From: Roger Heflin <rogerheflin@gmail.com>
To: "Joel K. Greene" <joel.greene@catapult.com>
Cc: LKML <linux-kernel@vger.kernel.org>,
Mike Steckly <michaels@catapult.com>
Subject: Re: Clock has stopped (time/date looping over 5 seconds), things are broken - what to check to debug?
Date: Mon, 07 Apr 2008 10:41:58 -0500 [thread overview]
Message-ID: <47FA40C6.5030104@gmail.com> (raw)

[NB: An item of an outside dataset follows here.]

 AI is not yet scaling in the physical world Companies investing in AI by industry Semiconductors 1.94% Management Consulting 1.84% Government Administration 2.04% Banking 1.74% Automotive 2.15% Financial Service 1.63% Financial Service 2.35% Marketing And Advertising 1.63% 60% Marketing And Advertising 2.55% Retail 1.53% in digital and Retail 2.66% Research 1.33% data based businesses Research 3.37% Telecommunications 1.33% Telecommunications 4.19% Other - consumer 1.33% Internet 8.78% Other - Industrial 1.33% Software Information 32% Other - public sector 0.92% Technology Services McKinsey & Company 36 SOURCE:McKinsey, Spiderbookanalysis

In-Reply-To: <1207568231.4496.9.camel@linuxdt036.nc.catapult.com>
Joel K. Greene wrote:
> Hi Roger,
>
> Does this sound familiar:
>
> http://lkml.org/lkml/2008/3/14/178
That sounds like it matches what I have.
>
>
> We've been chasing this for quite a while. Our PIC gets in a bad state
> where it thinks the CPU is in the ISR, and so won't give another int. We
> haven't much of an idea of how we get in that state other than that
> HZ=1000 makes it happen faster and HZ=100 causes it less often.

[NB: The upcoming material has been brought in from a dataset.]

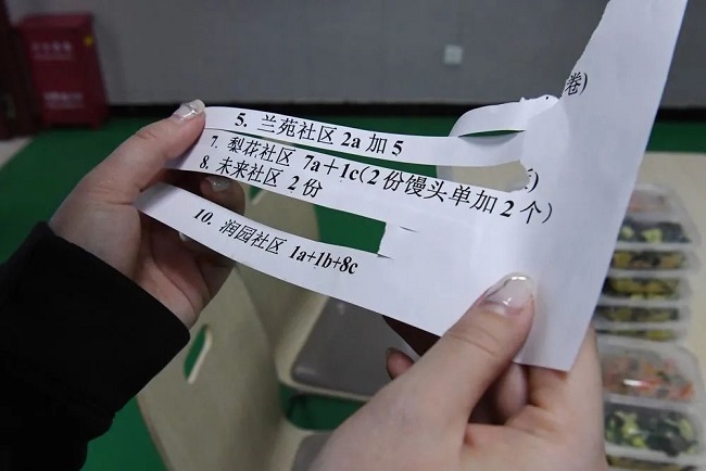 河北省承德市滨河社区老年食堂工作人员查看送餐单(2021年12月16日)。

I do have HZ=1000 set, Pavel mentions setting it the =4000 to make it happen
faster, I will try that, I am rebuilding 2.4.24.4 with =4000 in the .config
file, and will verify after it is up that 4000 is running on it.
My machine does have a fair amount of cpu usage (transcoding video), and has a
fair amount of interrupt handling (5 disks, and 3 TV recording cards).
>
> I think that if you look at jiffies you will see it is not incrementing.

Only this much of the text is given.